3
votes

I have come seeking knowledge.
I am trying to understand floating point numbers.
I am trying to figure out why, when I print the largest floating point number, it does not print correctly.

2-(2^-23)                          Exponent Bits
1.99999988079071044921875 * (1.7014118346046923173168730371588e+38) = 
    3.4028234663852885981170418348451e+38

This should be the largest single-precision floating point number:

340282346638528859811704183484510000000.0

So,

float i = 340282346638528859811704183484510000000.0;
printf(TEXT, "Float %.38f", i);
Output: 340282346638528860000000000000000000000.0

Obviously the number is being rounded up, so I am trying to figure out just exactly what is going on.

My questions are: The Wikipedia documentation states that 3.4028234663852885981170418348451e+38 is the largest number that can be represented in IEEE-754 fixed point.

Is the number stored in the floating point register = 0 11111111 11111111111111111111111 and it is just not being displayed incorrectly?

If I write printf(TEXT, "Float %.38f", FLT_MAX);, I get the same answer. Perhaps the computer I am using does not use IEEE-754?

I understand errors with calculations, but I don't understand why the number 340282346638528860000000000000000000000.0 is the largest floating point number that can be accurately represented.

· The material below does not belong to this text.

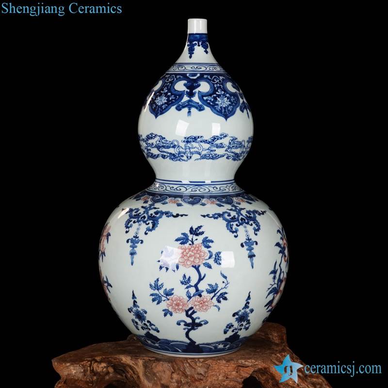 Gourd shape China auspicious pattern factory ceramic vase for export

Maybe the Mantissa * Exponent is causing calculation errors? If that is true, then 340282346638528860000000000000000000000.0 would be the largest number that can be faithfully represented without calculation errors. I guess that would make sense. Just need a blessing.

Thanks,

2
"0 11111111 11111111111111111111111" is NAN. Suspect you want "0 11111110 11111111111111111111111" - chux - Reinstate Monica
FLT_MAX is what you think it is. Your printf() is showing an approximation of it. To see what exactly is the decimal value of FLT_MAX, you need to use different code. - chux - Reinstate Monica
Wikipedia also says "This gives from 6 to 9 significant decimal digits precision" so in everyday use as an approximation of some nearby value, trying to print all the digits as if it was a specific integer at that magnitude's a bit silly. None of the previous 10^~30 integers were representable. It's interesting though that printf is showing about the number of digits that would generally be meaningful in a double-precision value - my guess is your implementation casts the float to double, generates a reasonable representation of that, and pads with 0s to the requested length. - Tony Delroy
@Tony D printf(TEXT, "Float %.38f", i); converts i from float to double before passing it to printf(). printf() does not receive float. - chux - Reinstate Monica
@chux: ah yes of course... so it would be unreasonable to display less precision than that... and evidently the implementation feels pointless to display more. - Tony Delroy

2 Answers

4
votes

Looks like culprit is printf() (I guess because float is implicitly converted to double when passed to it):

#include <iostream>
#include <limits>

int main()
{
    std::cout.precision( 38 );
    std::cout << std::numeric_limits<float>::max() << std::endl;
}

Output is:

3.4028234663852885981170418348451692544e+38
4
votes

With float as binary32, the largest finite float is

340282346638528859811704183484516925440.0

printf("%.1f", FLT_MAX) is not obliged to print exactly to 38+ significant digits, so seeing output like the below is not unexpected.

340282346638528860000000000000000000000.0

printf() will print floating point accurately to DECIMAL_DIG significant digits. DECIMAL_DIG is at least 10. If more than DECIMAL_DIG significance is directed, a compliant printf() may round the result at some point. C11dr ยง7.21.6.1 6 goes into detail.